Но педагогика — я это видела — уже не захватывала его, как прежде. Мне оставалось лишь вспоминать, сколько времени проводил он когда-то со своими учениками, добиваясь того, чтоб его пожелания были реализованы уже в классе. Все было одинаково важно, — он никогда не отделял искусства от техники и, лишь посмеиваясь, говорил, что «выращивает в виртуозе поэта». Он ухитрялся извлекать из молодого человека и зрелость, и мудрость и — почти чудодейственно — возбуждал в нем способность к душевной жизни такой интенсивности и активности, что сам ученик бывал ошарашен.

Теперь уроки стали короче и быстро утомляли его. Все больше он оставался один и слушал свои старые записи, чаще всего свою любимую фа-минорную мазурку Шопена и его же первый концерт. Отец исполнял его беспримерно, и в особенности — финал. Это был поистине искрометный ливень, в котором — неведомо каким образом — не пропадала ни единая капля, каждая являла свой собственный, ей лишь присущий цвет и звук. Я замирала от восхищения, а он слушал хмуро и озабоченно, точно был собой недоволен. Вообще же он больше полеживал, погрузившись в чтение, то и дело вдруг откладывая книгу в сторону и уставившись в потолок. Когда я заставала его за этим занятием, я пугалась. И не могла понять — отчего?

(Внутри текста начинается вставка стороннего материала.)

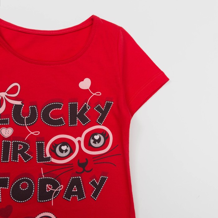 Комплект для девочки (футболка+бриджи), рост 128 см, цвет красный(набивка) Л940-3922
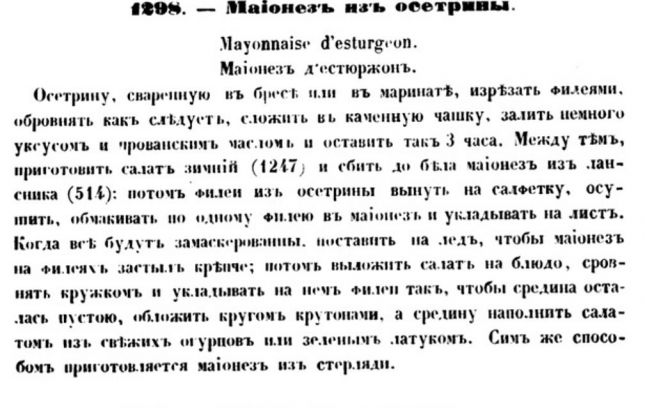 В книгата Практически основи на кулинарното изкуство на Пелагея Александрова-Игнатьева салата Оливие съдържа:

Никакие мои мольбы не могли заставить его обратиться к спасительной руке медицины. Приглашение очередного светила стоило мне таких мучений, что впору было самой прибегнуть к помощи вызванного врача.

— Природа знает, что она делает, — говорил мне отец и добавлял: — Все записано в книге судеб.

Впрочем, целители не находили, как они говорили, «ничего выдающегося». Георгий Антонович, по их словам, крайне устал и нуждается в отдыхе. На воздухе он быстро окрепнет.

Хотелось верить, что они правы, но, вообще-то, мне было трудно примениться к профессиональной манере, с которой они вели беседы. Один из них очень мило шутил:

— Что делать? Смертность ведь стопроцентна. У всякой жизни — летальный исход. Мы ведь боремся лишь за отсрочку, приговор же обжалованию не подлежит.

Такие шутки мало меня успокаивали. Да и сам улыбчивый подражатель чеховскому доктору Дорну, лишенный его ума и изящества, пышущий отменным здоровьем, при коем очень легко сообщать эти неоспоримые истины, вызывал во мне недоброе чувство.